» **TASK BRIEF**:
This exercise calls for the whole listing to be given again exactly, without images.

» **GIVEN INFORMATION**:
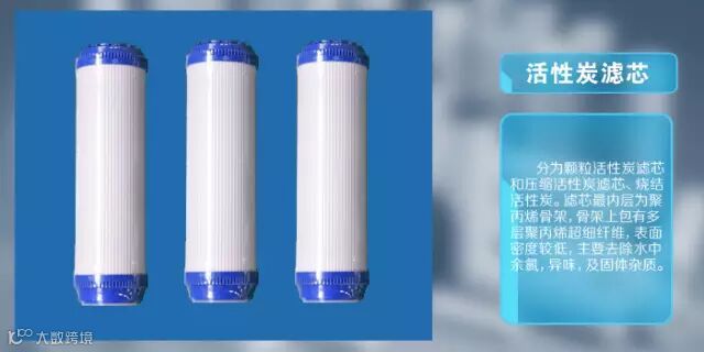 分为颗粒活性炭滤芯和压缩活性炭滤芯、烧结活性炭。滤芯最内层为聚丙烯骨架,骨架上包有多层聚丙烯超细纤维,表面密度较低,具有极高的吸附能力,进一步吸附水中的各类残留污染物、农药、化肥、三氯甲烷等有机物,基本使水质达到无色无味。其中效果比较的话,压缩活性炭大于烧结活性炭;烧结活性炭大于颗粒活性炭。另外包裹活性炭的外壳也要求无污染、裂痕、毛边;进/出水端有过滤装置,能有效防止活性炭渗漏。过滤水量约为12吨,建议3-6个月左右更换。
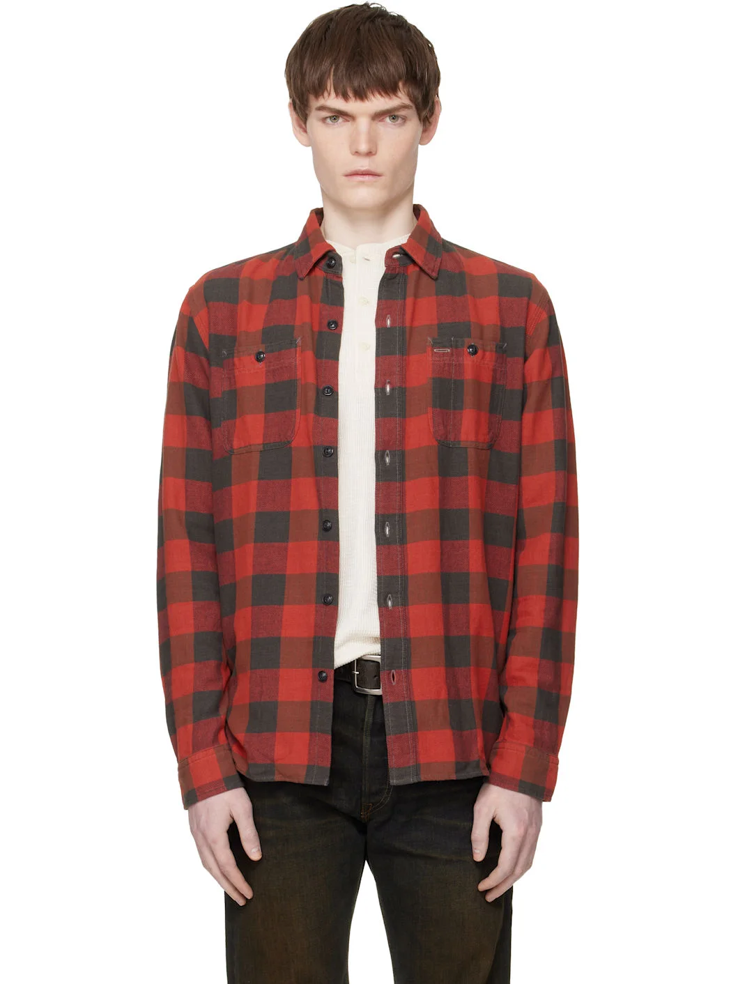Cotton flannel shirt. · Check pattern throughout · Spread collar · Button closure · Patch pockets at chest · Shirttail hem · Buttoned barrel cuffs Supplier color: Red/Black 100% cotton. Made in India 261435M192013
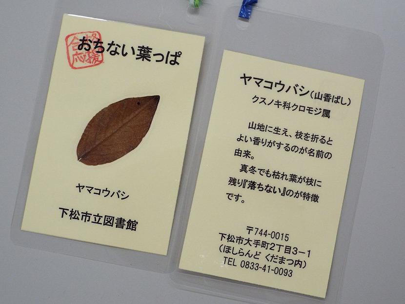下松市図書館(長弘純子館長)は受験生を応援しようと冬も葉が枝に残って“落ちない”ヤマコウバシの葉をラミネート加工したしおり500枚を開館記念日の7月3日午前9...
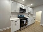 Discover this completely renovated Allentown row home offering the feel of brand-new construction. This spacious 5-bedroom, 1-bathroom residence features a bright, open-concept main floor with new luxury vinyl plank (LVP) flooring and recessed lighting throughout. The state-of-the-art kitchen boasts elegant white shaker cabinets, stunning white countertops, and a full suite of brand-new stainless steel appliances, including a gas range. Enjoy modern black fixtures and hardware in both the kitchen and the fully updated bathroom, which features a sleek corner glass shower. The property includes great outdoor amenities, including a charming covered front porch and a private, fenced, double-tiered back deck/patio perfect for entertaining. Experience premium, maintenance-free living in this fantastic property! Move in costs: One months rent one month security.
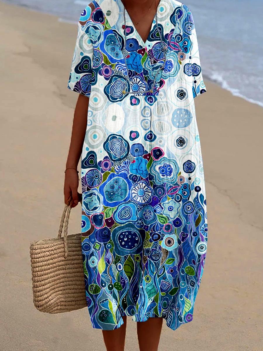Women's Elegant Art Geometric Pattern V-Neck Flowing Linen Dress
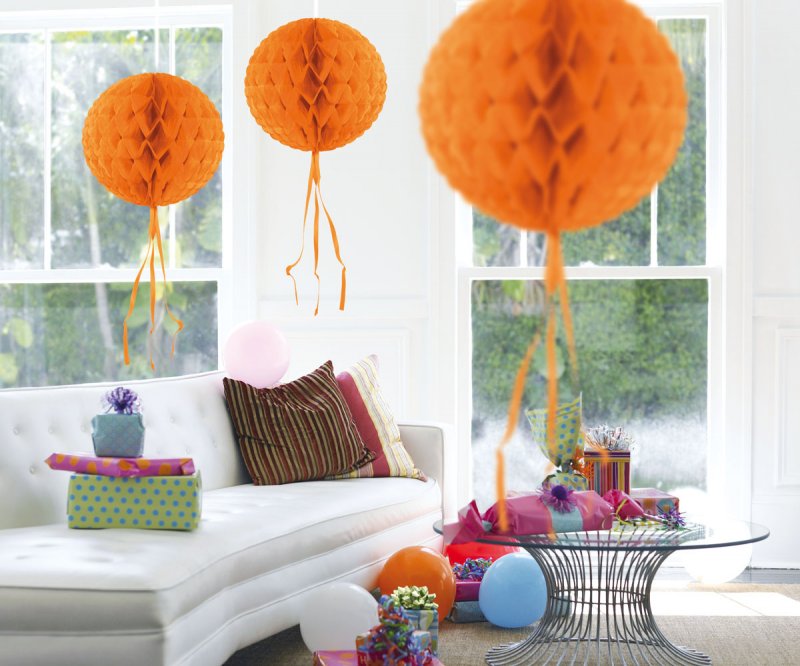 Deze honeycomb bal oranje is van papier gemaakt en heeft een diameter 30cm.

» **EXERCISE ANSWER**:
 分为颗粒活性炭滤芯和压缩活性炭滤芯、烧结活性炭。滤芯最内层为聚丙烯骨架,骨架上包有多层聚丙烯超细纤维,表面密度较低,具有极高的吸附能力,进一步吸附水中的各类残留污染物、农药、化肥、三氯甲烷等有机物,基本使水质达到无色无味。其中效果比较的话,压缩活性炭大于烧结活性炭;烧结活性炭大于颗粒活性炭。另外包裹活性炭的外壳也要求无污染、裂痕、毛边;进/出水端有过滤装置,能有效防止活性炭渗漏。过滤水量约为12吨,建议3-6个月左右更换。
Cotton flannel shirt. · Check pattern throughout · Spread collar · Button closure · Patch pockets at chest · Shirttail hem · Buttoned barrel cuffs Supplier color: Red/Black 100% cotton. Made in India 261435M192013
下松市図書館(長弘純子館長)は受験生を応援しようと冬も葉が枝に残って“落ちない”ヤマコウバシの葉をラミネート加工したしおり500枚を開館記念日の7月3日午前9...
 Discover this completely renovated Allentown row home offering the feel of brand-new construction. This spacious 5-bedroom, 1-bathroom residence features a bright, open-concept main floor with new luxury vinyl plank (LVP) flooring and recessed lighting throughout. The state-of-the-art kitchen boasts elegant white shaker cabinets, stunning white countertops, and a full suite of brand-new stainless steel appliances, including a gas range. Enjoy modern black fixtures and hardware in both the kitchen and the fully updated bathroom, which features a sleek corner glass shower. The property includes great outdoor amenities, including a charming covered front porch and a private, fenced, double-tiered back deck/patio perfect for entertaining. Experience premium, maintenance-free living in this fantastic property! Move in costs: One months rent one month security.
Women's Elegant Art Geometric Pattern V-Neck Flowing Linen Dress
 Deze honeycomb bal oranje is van papier gemaakt en heeft een diameter 30cm.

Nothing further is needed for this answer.